Many of us are used to looking at a SQL Trace and making the assumption that the order of display is what occurred during the capture.

SQL Server 2005 introduced a new column named ‘Event Sequence’ that you should capture for any trace events. The Event Sequence is the order the trace event was internally created in the server which can be different from the physical file order due to various timing and design issues. The Event Sequence gives you a more accurate representation of the event order. When looking at trace data from SQL Profiler or one loaded in the database you should order by the Event Sequence.

SQL Server 2005 shipped with an Event Sequence stored in a LONG. Support has seen a few traces where the bounds of the signed long are exceeded and the Event Sequence becomes negative. The SQL Server is using an interlocked instruction to increment the value so the event sequence counts down negatively until wrap around to 0 occurs. The pattern becomes the following.
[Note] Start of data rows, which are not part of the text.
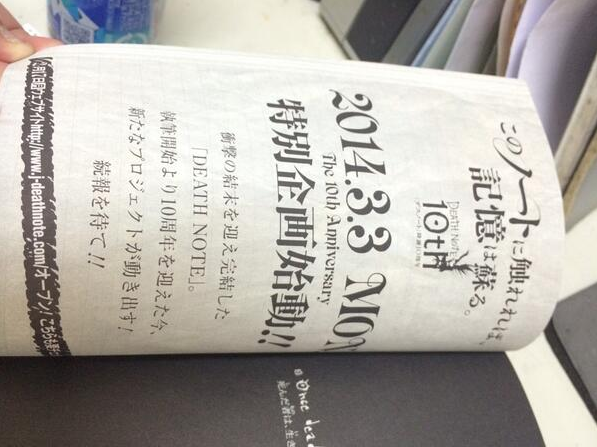死亡筆記本已經十週年了,最近官網悄悄的更新了新的訊息,看來是有新的動作要進行。 死亡筆記本自從2003年12月開始連載,一直到2006年5月結束。之前在發行的相關刊物上也曾經預告過在2014年3月3日會有「特別企劃」開始展開,這個特別企劃會是什麼呢?難道是有新的角色撿到死亡筆記本了嗎?就等到三月份來揭曉答案吧! 死亡筆記本官網:http://www.j-deathnote.com/ 讚 收藏 快速回應 引言回應
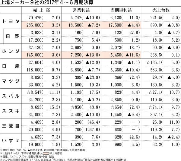 2018年3月期第1四半期(4~6月)は、売上台数や販売台数(小売り)が増加基調で推移したことに加え、為替が円安だったことが追い風になり、全社で売上高が増加した。ただ、米国での販売競争激化で販売費用が増加し、営業利益は3社が減少した。第2...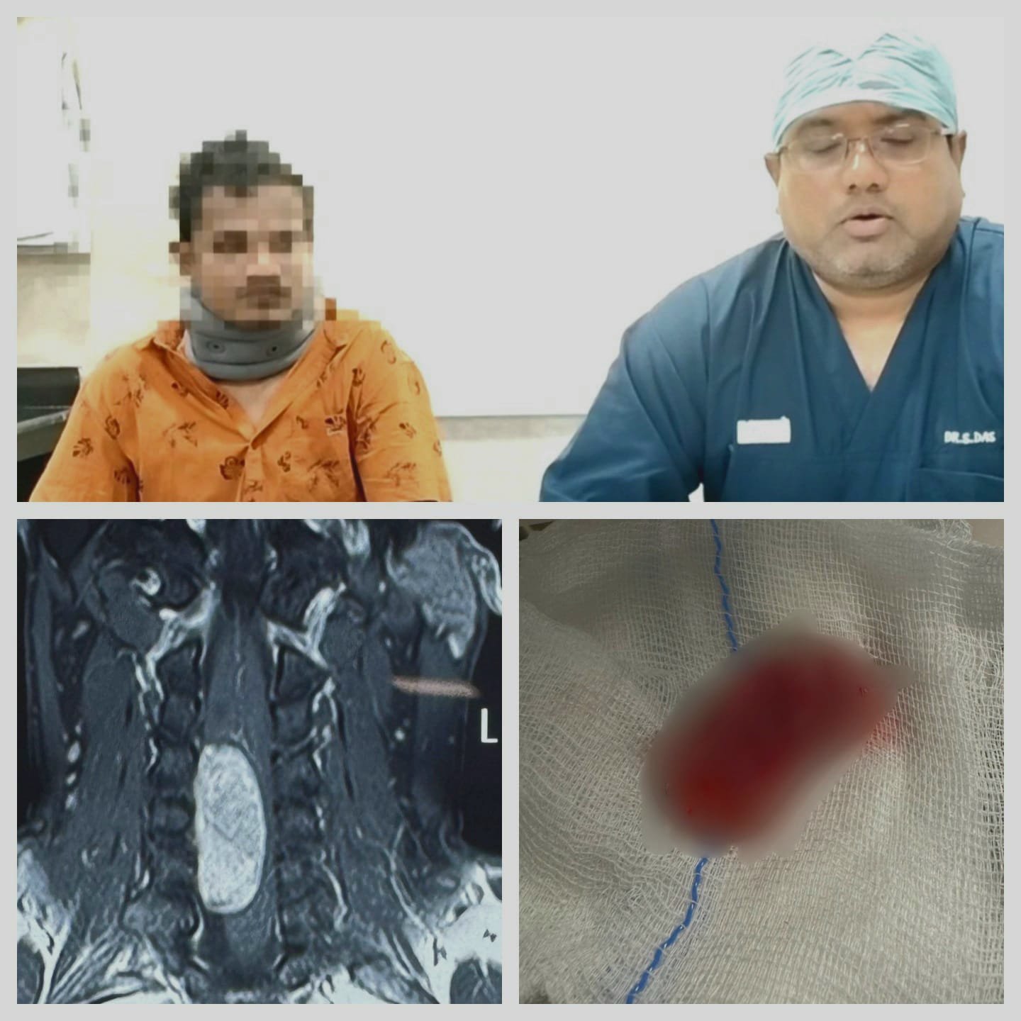 স্বাস্থ্য সাথী প্রকল্পের আওতায় তাঁকে মিশন হাসপাতালে ভর্তি করা হয়। পরীক্ষার পরে দেখা যায়, তাঁর সার্ভিকাল স্পাইনে একটি বড় ইন্ট্রা-ড্যুরাল এবং এক্সট্রা মেডুলারি টিউমার রয়েছে, যা তিনটি স্পাইনাল সেগমেন্টে বিস্তৃত। টিউমার অনেক বড় হয়ে গিয়েছিল এবং স্পাইনাল কর্ডকে মারাত্মকভাবে সংকুচিত করে নষ্ট করে দিচ্ছিল। ফলে অস্ত্রোপচারের বিষয়টি ছিল অত্যন্ত চ্যালেঞ্জিং! তাছাড়া, টিউমার এবং স্বাভাবিক টিস্যুর মধ্যের যে সীমানা প্রাচীর, সেটাও আর স্পষ্ট ছিল না। অর্থাৎ, স্বাভাবিক টিস্যুরও ক্ষতির চরম আশঙ্কা দেখা দিয়েছিল।

Step 1: Count up from 0 to 0x7FFFFFFFF
Step 2: Count down from 0x7FFFFFFF to 0

Start at step 1 again.

If you load a trace containing negative event sequences and then perform the order by operation the physical order will be revered showing the last event in the trace as the first event. You also can’t load the trace into a table and cast the data as a BIGINT. SQL Server does not have unsigned data types so the negative value is just propagated to a negative 64 bit integer instead of a 32 bit integer.

This is a very rare condition for most systems because to produce 2 billion+ trace events does take quite a bit of tracing to say the least.

SQL Server 2005 SP2 expands the column to a LONGLONG (signed 64 bit integer) which would require more than a little bit of tracing to cause a wraparound condition.